REPLY TO: D66 at nic.surfnet.nl

http://query.nytimes.com/gst/fullpage.html?res=9F0DE6D7173AF936A15754C0A9629C8B63

Een review over een boek dat ook genoemd werd in Upping the
Anti #1. Fukuyama legt in deze review een accent op het
belang van state building. De keyvraag die ik aan het review
zou willen toevoegen: waarom ontwikkelt de United States
zich als een failed state?

MULTITUDE

War and Democracy
in the Age of Empire.
By Michael Hardt and Antonio Negri.
427 pp. The Penguin Press. $27.95.

Well before 9/11 and the Iraq war put the idea in
everybody's mind, Michael Hardt and Antonio Negri had
popularized the notion of a modern empire. Four years ago,
they argued in a widely discussed book -- titled, as it
happens, ''Empire'' -- that the globe was ruled by a new
imperial order, different from earlier ones, which were
based on overt military domination. This one had no center;
it was managed by the world's wealthy nation-states
(particularly the United States), by multinational
corporations and by international institutions like the
World Trade Organization and the International Monetary
Fund. This empire -- a k a globalization -- was
exploitative, undemocratic and repressive, not only for
developing countries but also for the excluded in the rich West.

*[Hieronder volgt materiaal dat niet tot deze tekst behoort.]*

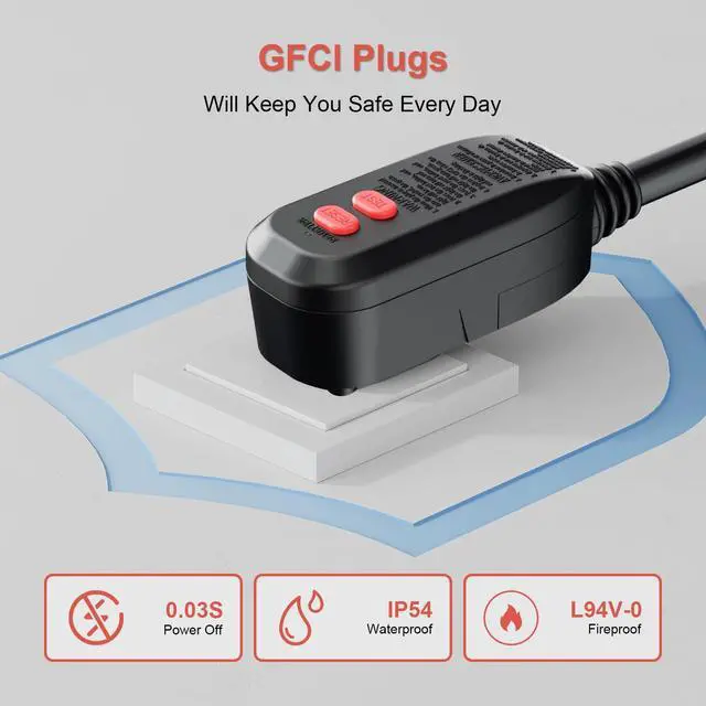 1. Although GFCI is a rainproof device, it is very important to keep the device far away from water.
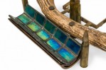 Style: Rustic Materials & Techniques: Brass, crystal, glass, horn Category: Office/Library, Accessories/Décor/Bric-a-Brac, Rustic Condition: Missing inkwell, stand only. Fair; Minor structural damages
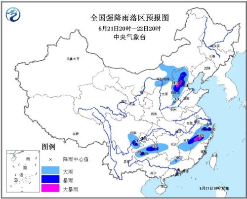 中央氣象臺(tái)6月21日18時(shí)發(fā)布暴雨黃色預(yù)警:預(yù)計(jì),6月21日20時(shí)至22日20時(shí),山西北部、河北大部、北京、天津西部、內(nèi)蒙古中部偏南等地的部分地區(qū)有大到暴雨,其中北京西南部、河北中部等地局地有大暴雨(100~140毫米)。
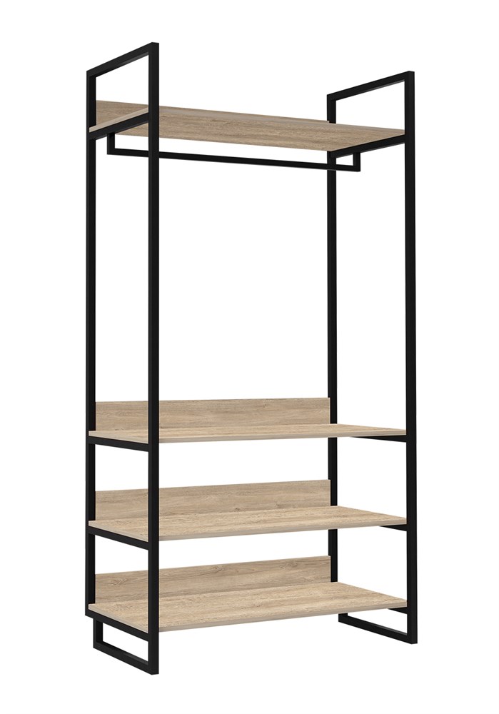 Габариты (ШхГ) : 1000х480 мм \; Высота : 1930 мм \; Материал каркаса : металл. профильная труба 25х25х1,5 мм\; Материал полок : влагостойкое ЛДСП повышенной плотности 16 мм\; Цвет каркаса : черный RAL 9005 (Муар) \; Декоры : 5 декоров – см. фото\;
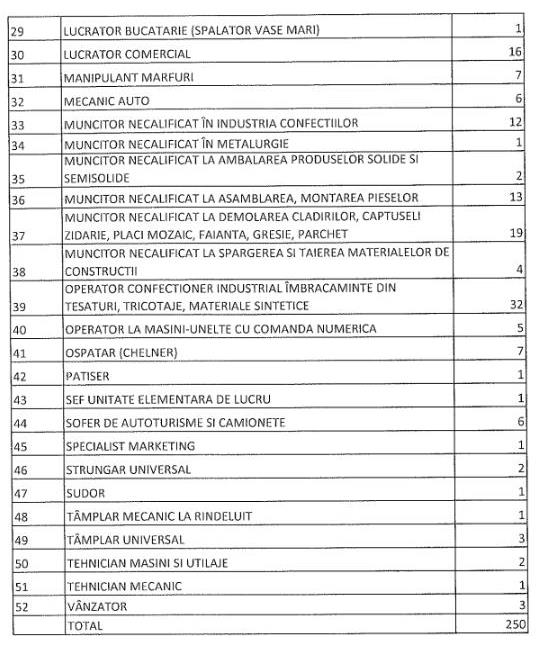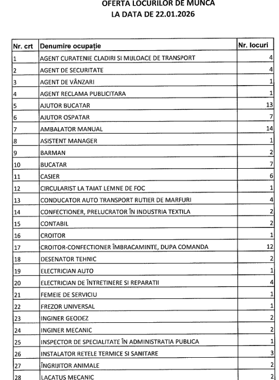 În evidențele Agenției Județene pentru Ocuparea Forței de Muncă Vrancea se află, la momentul actual, 250 locuri de muncă disponibile, transmise de agenți economici și instituții publice. Se caută ajutor bucătar-13; ambalator manual-14; bucătar-7; casier-6; croitor-13; contabil-2; lăcătuș mecanic-2; lucrător comercial-16; manipulant mărfuri-7; muncitor necalificat în demolarea clădirilor-19; ospătar-7; șofer de autoturisme și camionete-6, sudor-1. Oferta integrală afișată de AJOFM Vrancea o găsiți în tabelul de mai jos.
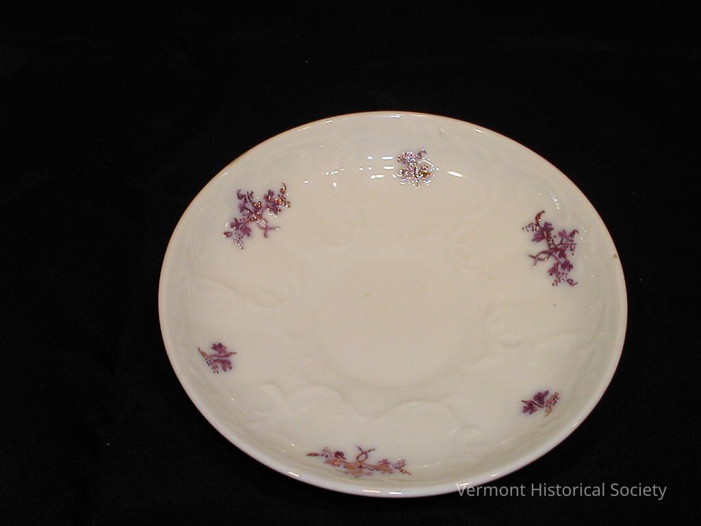 White-bodied ceramic saucer with molded and lustered design. The body of the saucer is molded with curvilinear rococo swashes and floral sprigs. The floral sprigs are painted with purple luster.
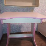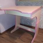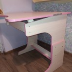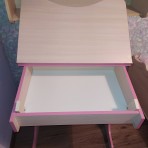Столешница под наклоном. Под столешницей ящик для принадлежностей и поднимаются подпорки для того, чтоб стол стал ровным.

Hardt and Negri's new book, ''Multitude,'' argues that the
antidote to empire is the realization of true democracy,
''the rule of everyone by everyone, a democracy without
qualifiers.'' They say that the left needs to leave behind
outdated concepts like the proletariat and the working
class, which vastly oversimplify the gender/racial/ethnic/
class diversities of today's world. In their place they
propose the term ''multitude,'' to capture the ''commonality
and singularity'' of those who stand in opposition to the
wealthy and powerful.

This book -- which lurches from analyses of intellectual
property rules for genetically engineered animals to
discourses on Dostoyevsky and the myth of the golem -- deals
with an imaginary problem and a real problem. Unfortunately,
it provides us with an imaginary solution to the real problem.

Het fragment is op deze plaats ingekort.